Mawer Investment Management Ltd.
- Formerly: Mawer & Associates
- Company type: Private
- Industry: Investment Management
- Founded: 1974; 51 years ago
- Founder: Charles Mawer;
- Headquarters: Calgary, Alberta, Canada
- Key people: Craig Senyk (Chairman); Jim Hall (President);
- AUM: CA$90.4 billion (September 2024)
- Number of employees: 280+ (2024)
- Website: www.mawer.com

= Mawer Investment Management =

Canada asset management firm

Mawer Investment Management (Mawer) is a Canadian investment management firm headquartered in Calgary, Alberta. It acts as a subadvisor for Manulife Investment Management.

== History ==
In 1974, stockbroker Charles Mawer founded the company originally as Mawer & Associates. It focused on looking after money for high-net-worth individuals and pension funds in the form of investment funds.
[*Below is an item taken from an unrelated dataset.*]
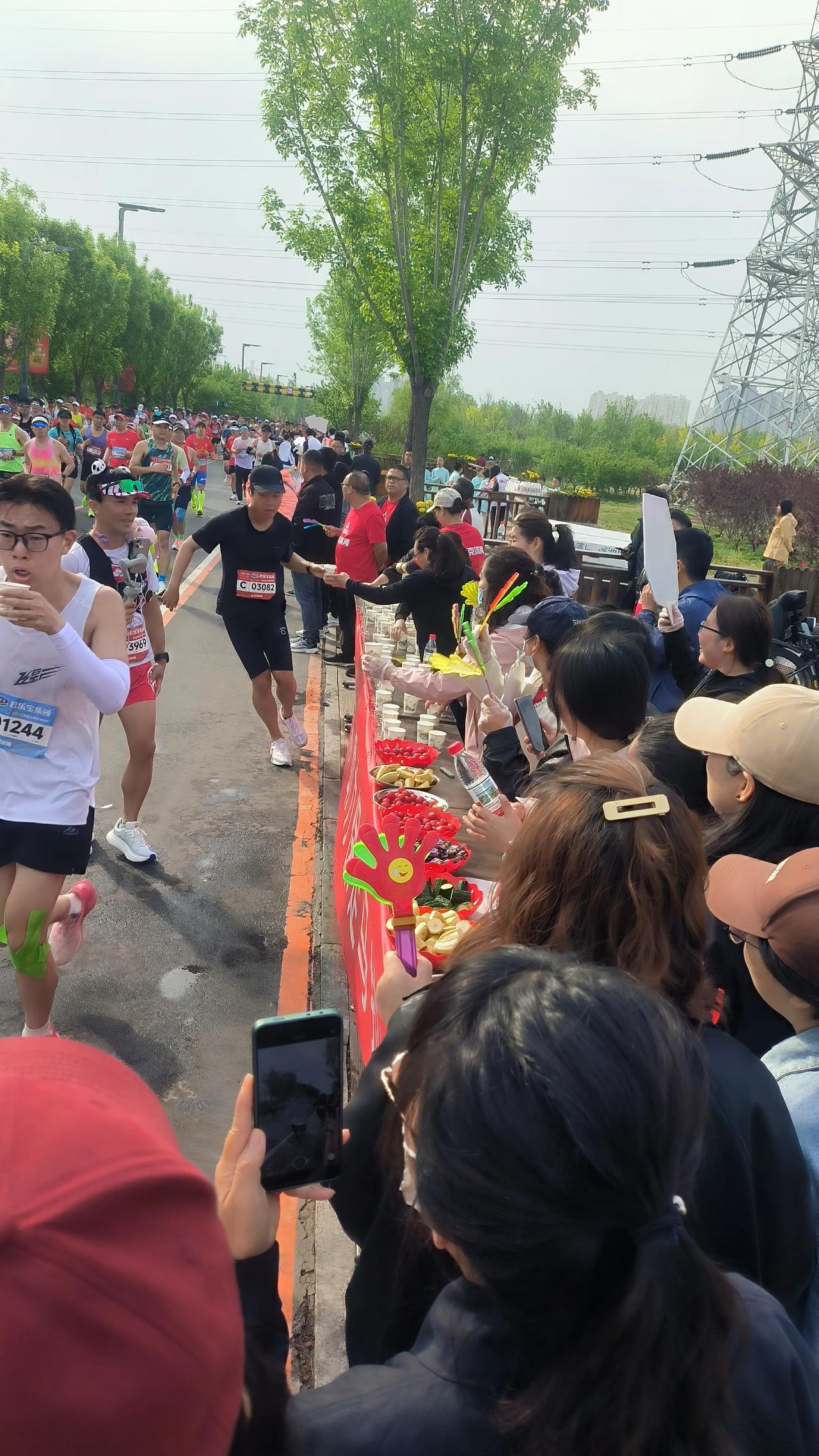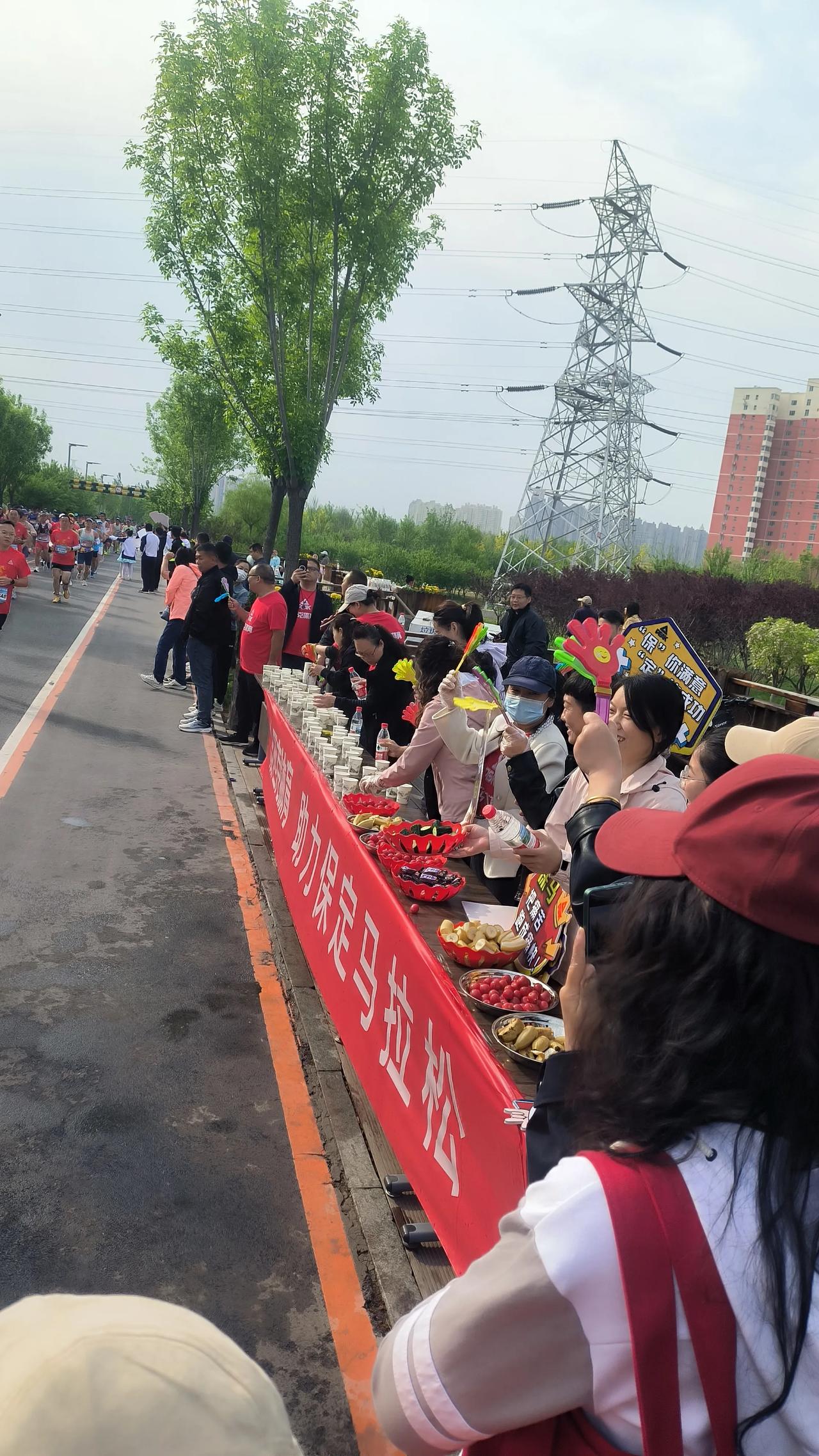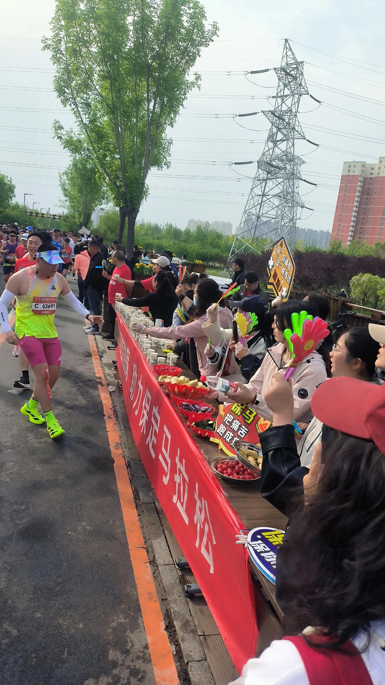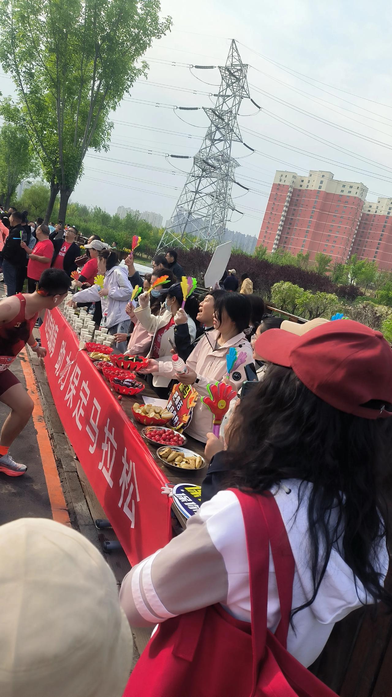 在北堤路地道桥西口的能量补给站,有一群热情的大姐格外醒目。她们不仅响亮地为选手加油,还麻利地递上纯净水、切好的水果。不时有疲惫的跑者前来补充能量,也有人停下脚步,好奇地问:“这里是官方补给站吗?每到有人问,大姐们总是齐声回答(可惜我没听清),但手里的活儿却没停!这份热情,让许多跑者倍感惊喜与温暖。

In 2005, ten years after its founder retired from running it, Mawer was selected by Manulife Investment Management to manage its investment funds in a subadvisory capacity.

In November 2018, Mawer hired Bank of Nova Scotia to explore options such as a sale; this came at a time when other Canadian asset management firms were being acquired. However, in December, it decided to remain independent.

With the philosophy of buying strong, growing companies at cheap prices, it has been noted for charging low management fees compared to its peers. Due to lower commissions, financial advisers have avoided selling Mawer funds. The partnership between Mawer and Manulife have allowed more generous and less visible compensation structures for funds.